La stele di Rosetta
La celebre stele in basalto nero fu la chiave attraverso la quale si giunse, intorno agli inizi dell’Ottocento, alla decifrazione dei geroglifici, rimasti un mistero sino ad allora. La stele, rinvenuta nel 1799 dalle truppe francesi nei pressi della città di Rosetta (Rashid) in Egitto, misurava circa 97 x 71 cm, per un peso di circa 680 Kg. Essa mostrava iscrizioni in tre diverse lingue: i geroglifici, il greco, ed il demotico, l’antica lingua egiziana dell’età tarda. Gli studiosi iniziarono a tradurre il greco e scoprirono che il testo si riferiva ad un decreto in onore del regno del faraone Tolomeo V, inciso intorno al 196 a.C., e che tale decreto era riprodotto sulla stele in caratteri sacri, popolari e greci. Studiosi di tutto il mondo si applicarono allo studio della stele, anche se le cose furono complicate dalla cattiva conservazione del reperto, che risultava danneggiato e mancante di una parte del testo geroglifico.

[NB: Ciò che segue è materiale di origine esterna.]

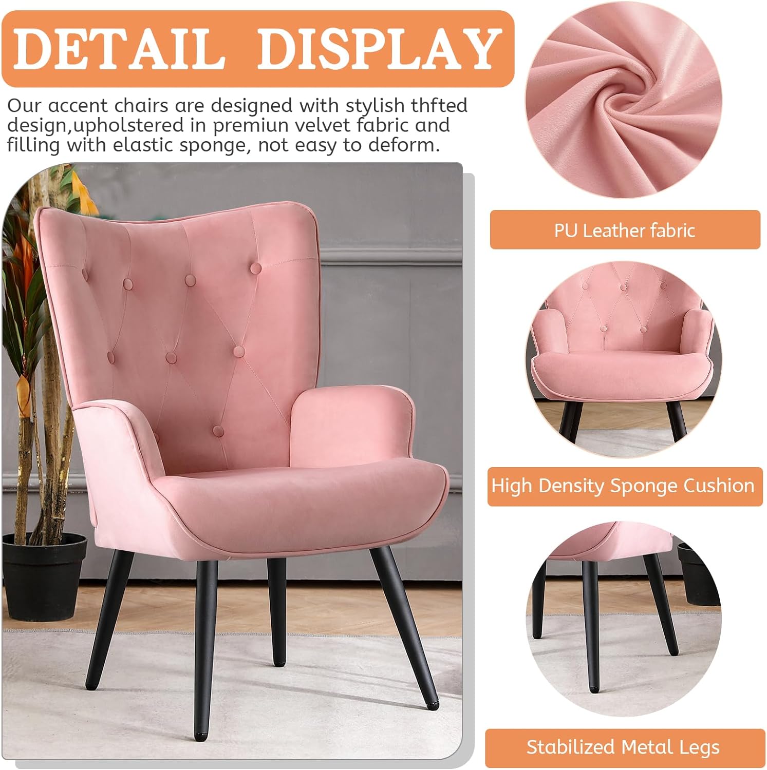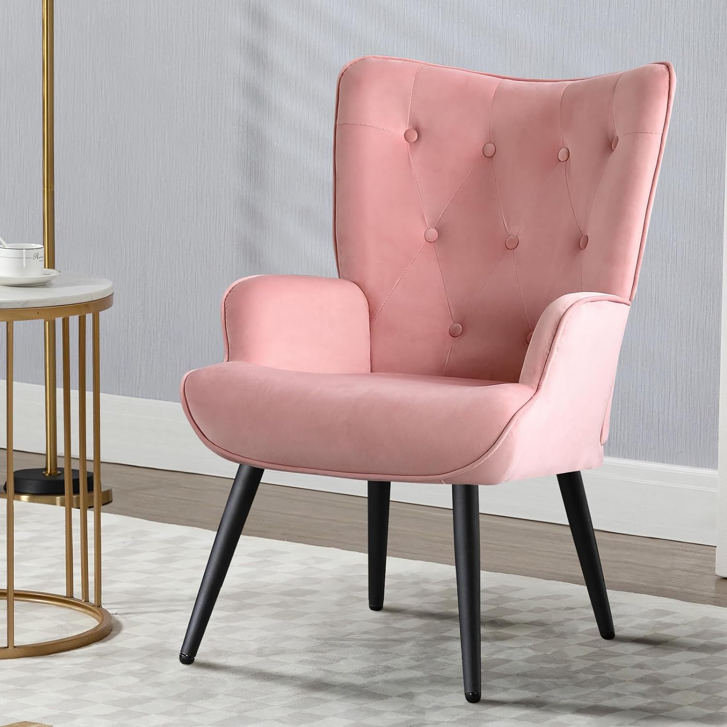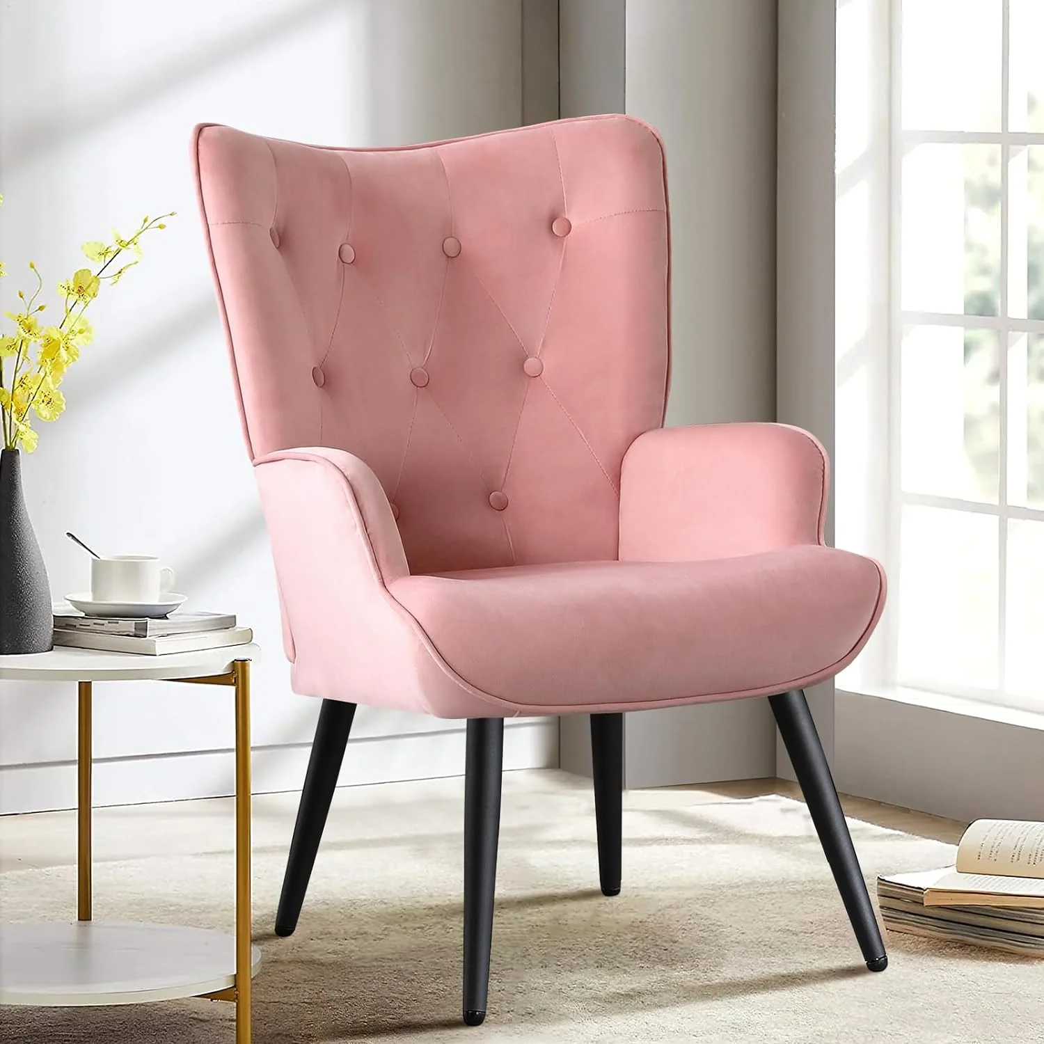 Morden Fort Luxury Lounge Chair, Contemporary Velvet Upholstered Armchair for Living Room Office Pink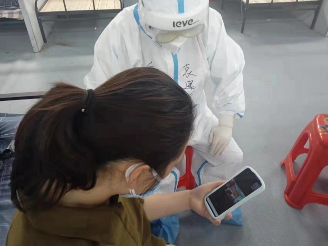 5月1日,重慶市援滬醫(yī)療隊(duì)醫(yī)護(hù)人員與新入方艙的患者溝通身體情況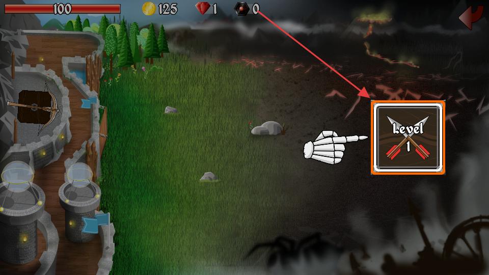 2、界面顯示當(dāng)前為level1第一關(guān),有血量、金幣等數(shù)值,手指指向關(guān)卡標(biāo)識,提示進(jìn)入第一關(guān)戰(zhàn)斗。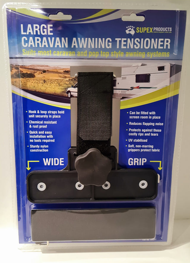 The Supex large caravan awning tensioner has a hook and loop straps which hold the unit securely in place, it is chemical resistant and rust proof, installation is quick and easy with no tools required, sturdy nylon construction, can be fitted with screen room in place, reduces flapping noise, protects against those costly rips and tears, UV stabilised, soft and non-marring grippers protect fabric.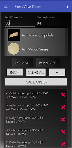 Sine Wave International is a company based in Islamabad which deals in Timber, manufacturing of Doors, Wardrobes, Kitchen Cabinets, Computerized Numeric Control (CNC) Carving/Crafts, Kids and other Furniture. This app makes it easier for our customers to select designs and calculate cost according to their needs. This is a unique concept introduced by Sine Wave Doors, in this industry.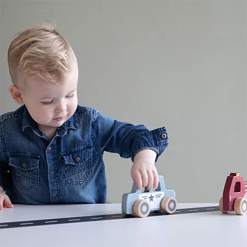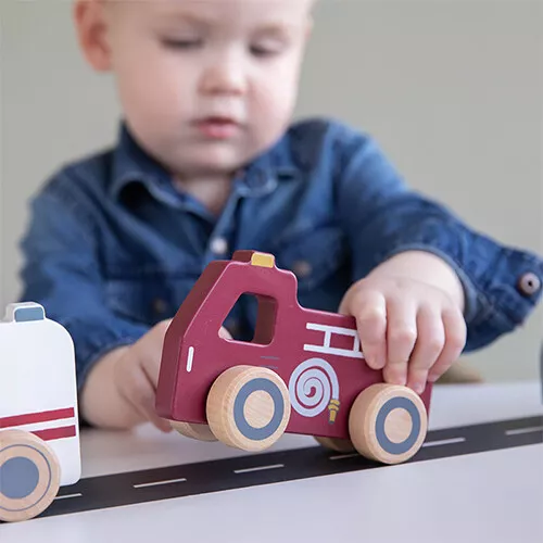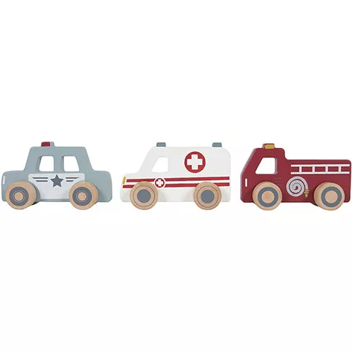Voor jonge helden drie houten hulpverleningsauto’s van het Nederlandse merk Little Dutch. De brandweer, politie en ambulance komen er vliegensvlug aan en bieden hulp waar het nodig is.
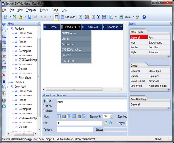 Sothink DHTML Menu - профессиональный инструмент, для создания динамических, древовидных меню для веб страниц, который поможет веб-мастерам создавать DHTML меню для своих страниц, без утомительного написания кода вручную. Программа не требует от пользователя навыков в области DHTML или JаvaSсript. Динамические меню можно создавать на основе многочисленных шаблонов или придумать свои собственные. Программа автоматически генерирует код. Создаваемые меню подходят для всех типов браузеров. Очень нужная программа для всех веб-мастеров, кто хочет создать красивое, удобное и функциональное меню. Кроме того, в программе возможна интеграция с Dreamweaver, FrontPage, Expression Web и GoLive. Программа проста в использовании и не требует особых навыков.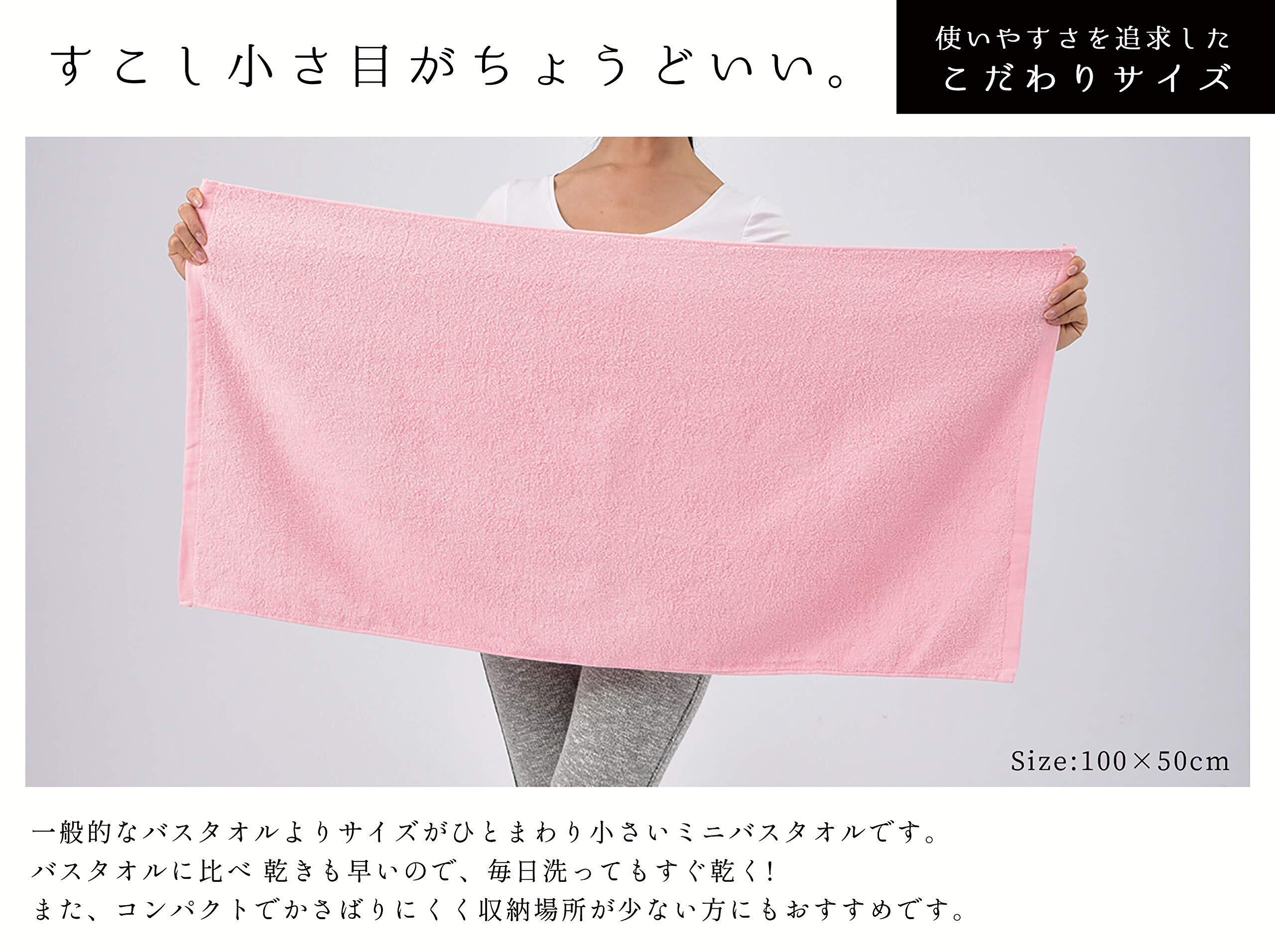 【便利サイズ】ちょっと小さなショートサイズのバスタオル。サイズ約50×100cm。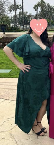 I definitely needed fashion tape to keep the shoulders & chestline in place, but overall it fit great & felt wonderful! I obviously sprained my ankle before my event so didn't get to wear the best shoes. It was unseasonably cold so I was glad for the bridal-style shawl I had made for myself. But back to the dress itself-the color was gorgeous & the fabric has a beautiful yet subtle flower design. I especially loved the asymmetrical design in the stomach area, which hides a problem area for me. I loved this dress!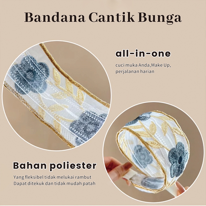 Vary Vase Ikat Rambut Bordir Bunga Bertepi Lebar Gaya Korea Bando Poni Aksesoris Rambut Wanita

La maggiore difficoltà relativa alla traduzione dei geroglifici fu di capire se questi avessero un significato fonetico, oppure se a tali segni corrispondessero interi concetti, verbi o cose. Tra gli studiosi che vi si applicarono i successi maggiori furono raggiunti dall’inglese Thomas Young e dal francese Jean-Francois Champollion, il quale, dedicandovisi completamente, nel 1822 giunse alla traduzione completa di questa antica lingua. Egli, basandosi sulle scoperte di Young, e grazie ad una buona conoscenza delle lingue antiche, tra cui il demotico ed il copto, arrivò all’interpretazione dei segni geroglifici partendo da alcuni simboli ricorrenti, come i nomi dei faraoni, per giungere poi alle parole più semplici. Egli infatti capì che la lingua, inizialmente a carattere ideografico, ovvero in grado di rappresentare attraverso simboli idee, concetti ed azioni, si era arricchita di elementi fonetici. In seguito a tale scoperta Champollion, nel 1830 partecipò ad una spedizione scientifica in Egitto e divenne responsabile del dipartimento delle antichità egiziane. La stele, oggi conservata presso il British Museum di Londra diede un forte impulso alla conoscenza ed allo studio dell’antico Egitto, dando vita alla nascita dell’egittologia moderna.